The story is both charmingly dated, and blissfully universal, which is to say contemporary; technology and tastes will always evolve and change and disrupt the status quo. George Valentin has the world at his (happy) feet in 1927 when the movie begins but by the time the 1929 title card arrives, he's already a dinosaur. He just didn't feel the asteroid's impact and hasn't yet felt the chill. Valentin laughs off his co-star's (Missi Pyle doing an intentional riff on Lina Lamont) sound test even though his director (John Goodman) warns him...

That's the future."

The future arrives, as it always does, through doors opened by the past. In 1927 Valentin gives a leg up to a complete nobody Peppy Miller (Bérénice Bejo madly winking and, well, peppy, filmed at 20 frames a second) by giving her a big fannish paparazzi moment. She makes the most of this flashbulb spotlight and lands a part in his next film A German Affair . In one of the film's funniest sequences, which sneakily lays dramatic foundation for the second act, we see them do several takes of an inconsequential dancing scene together. I won't spoil the many joys of the unfolding plot but let it suffice to say that it fondly recalls all rise and fall and pick yourself back up showbiz narratives particularly A Star is Born as Peppy's star rises (she's the new "it girl" in talkies) just as Valentin's falls. 

The future is coming

Though the film organically veers towards the sentimental in its second half, it has built such comic goodwill and affection that you don't mind laughing less as George's decline takes the film toward its heaviest dramatic moments. The Artist even risks the maudlin as Valentin keeps uncovering new rock bottoms but there's a beautiful simplicity in its heartbreak imagery. In one scene the once great star stands in front of a projector in his lonely home berating himself for being "stupid and proud"; he's now just a shadow on a smallish screen. Hazanivicious, to his credit, never stops blissfully and obviously cribbing from the best of Old Hollywood like Orson Welles, A Star is Born, Sunset Blvd., and Asta. Regarding the latter, The Artist's not so secret weapon iis its star dog "Uggy" -- a constant companion to Valentin -- who could be a direct descendant from that famous screwball comedy terrier. Best of all, Hazanavicius never settles for just one mood, usually gifting the images and scenes with multiple feelings. To cite but one example, there's a shot that highlights Valentin's disintegrating marraige to Doris (Penelope Anne Miller) which shows you three Valentin's: on the wall hangs a deified Valentin in oil portraiture, standing in front of him is Valentin the actual man realizing his wife is leaving him while holding a defaced photo of his movie star self in his hands (his wife has been scribbling on his headshot). Isn't that the archetypal private life of a celebrity actor in a nutshell?

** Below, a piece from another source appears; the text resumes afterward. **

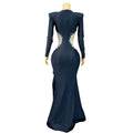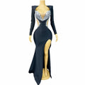 Women Luxury Rhinestones Gown Elegant High Split Long Dress Evening Cocktail Party Blingbling Outfit Photoshoot Stage Wear

The Artist in concept could have been a mere spoof, or a pleasant but insubstantial comic homage but Hazanavicius and his gifted team never settle, always reaching for bigger laughs, and delivering unexpected and immensely clever mise en scène. The actors are magicians, themselves. Despite the constant literal winking, as befits the era, they never figuratively wink at the material, which would take you outside of it. It's a movie of sincere and not ironic pleasure.

A retroactive time-travelling note to all selection committees of "future" film festivals in 2011: Always schedule The Artist as your Closing Night movie. It's an impossible act to follow and it'll send your audiences off with hearts soaring. They're return with pleasure the following year eager to see what you've programmed for them. When the movie opens in theaters they'll be returning, too. A

Jean DuJardin and "Uggy", a match made in heaven.

Re: the Oscars
The Artist is the best kind of Oscar contender in that it never once feels like it was built to hook the Academy, but it will surely prove irresistibly delicious bait nonetheless. Expect nominations across the board for what will surely be one of our Best Picture contenders. It's the only film this season aside from Martin Scorsese's Hugo that's so deeply infatuated with the history of the movies themselves, the very thing that the Academy was built to chronicle.